One of the first Measure DD projects, completed in 2007, was the renovation and rededication of the 1913 pergola at the north end of the lake. Several sections of Measure DD work were completed in 2008, including the renovation of the 1909 Municipal Boat House into Lake Chalet restaurant, the reconstruction of El Embarcadero between Grand Avenue and Lakeshore Avenue, the narrowing of Lakeside Drive from just north of East 14th Street to 19th Street from four lanes to two (with a bicycle lane added), and new landscaping along the west side of the lake from 14th to 19th street and the east side from East 18th Street to El Embarcadero.

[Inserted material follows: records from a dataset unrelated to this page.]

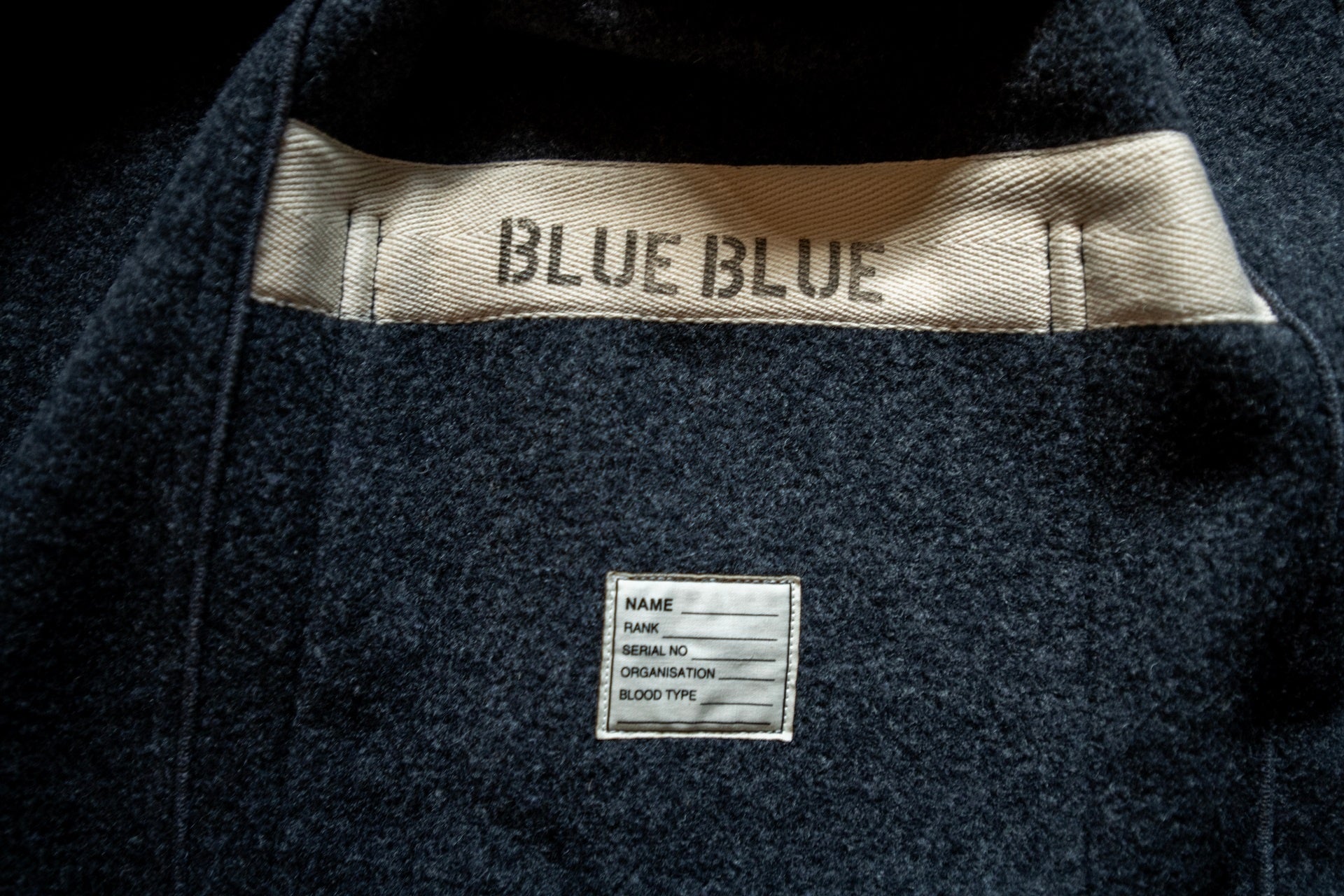 別注ポイントとして、内側のコットンヘリンボーンテープはすべてナチュラルカラーに変更し、左身頃裏には「BLUE BLUE」の手押しスタンプ、背裏には「Gloverall」と「BLUE BLUE」のロゴを配しました。
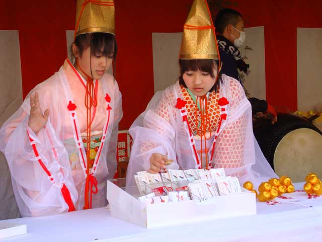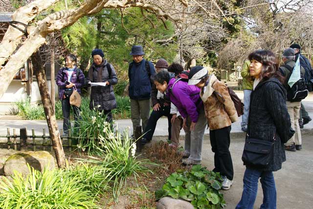 境内にはスイセンが咲き、福寿草が芽を出して、参拝客を楽しませています(写真右)。
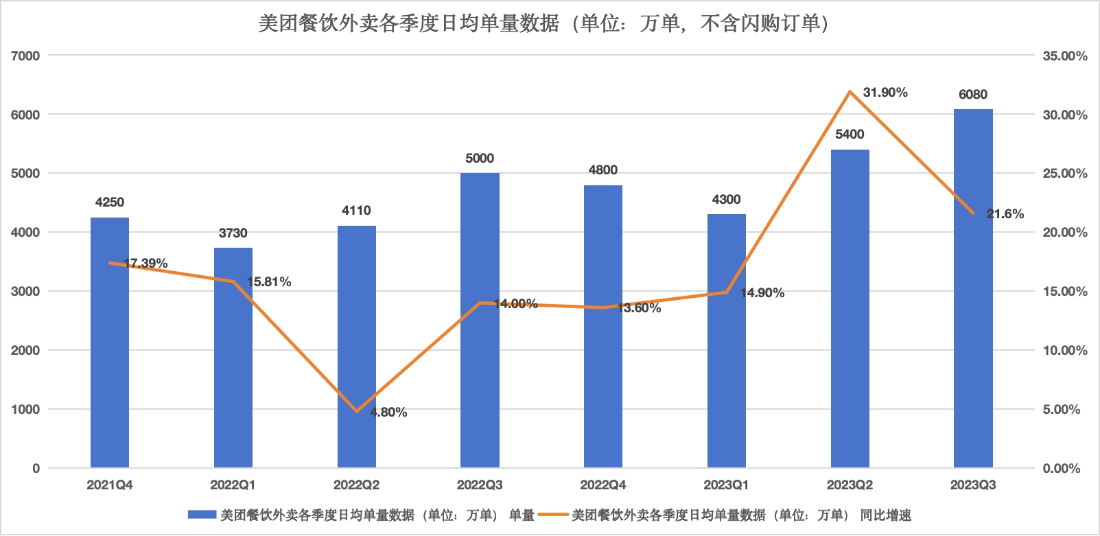 本季度美团即时配送订单达到61.79亿单,折算下来日均单量是6800万,这里面包含餐饮外卖和闪购订单。36氪了解到,闪购本季度的日均单量在700万出头,这意味着餐饮外卖Q3的日均单量突破了6000万,提前完成年度目标,订单增速也超过市场预期,达到了21%,与营收增速几乎持平。

The largest part of the Measure DD work was the 12th Street Reconstruction Project on the south side of the lake. Replacement of the Frickstad Viaduct, or "12th Street Dam" (built 1950), and renovation of the roadways and tunnels between the Kaiser Convention Center and the southern end of Lake Merritt began in May 2010 and were completed in June 2013. The groundbreaking ceremony for the 12th Street Project took place on May 6, 2010 near the Frickstad Viaduct.

Another major milestone in the restoration of Lake Merritt was achieved in February 2013, when Mayor Jean Quan and other officials inaugurated a 750 ft-long channel, including a paved trail, a pedestrian bridge, and restored tidal marsh, a major step towards reconnecting Lake Merritt with San Francisco Bay. This stage was expected to double the water volume circulating in and out of the lake. The mayor announced plans for "a big citywide party" upon completion. In December 2016, a culvert under 10th Street was removed to increase tidal movement.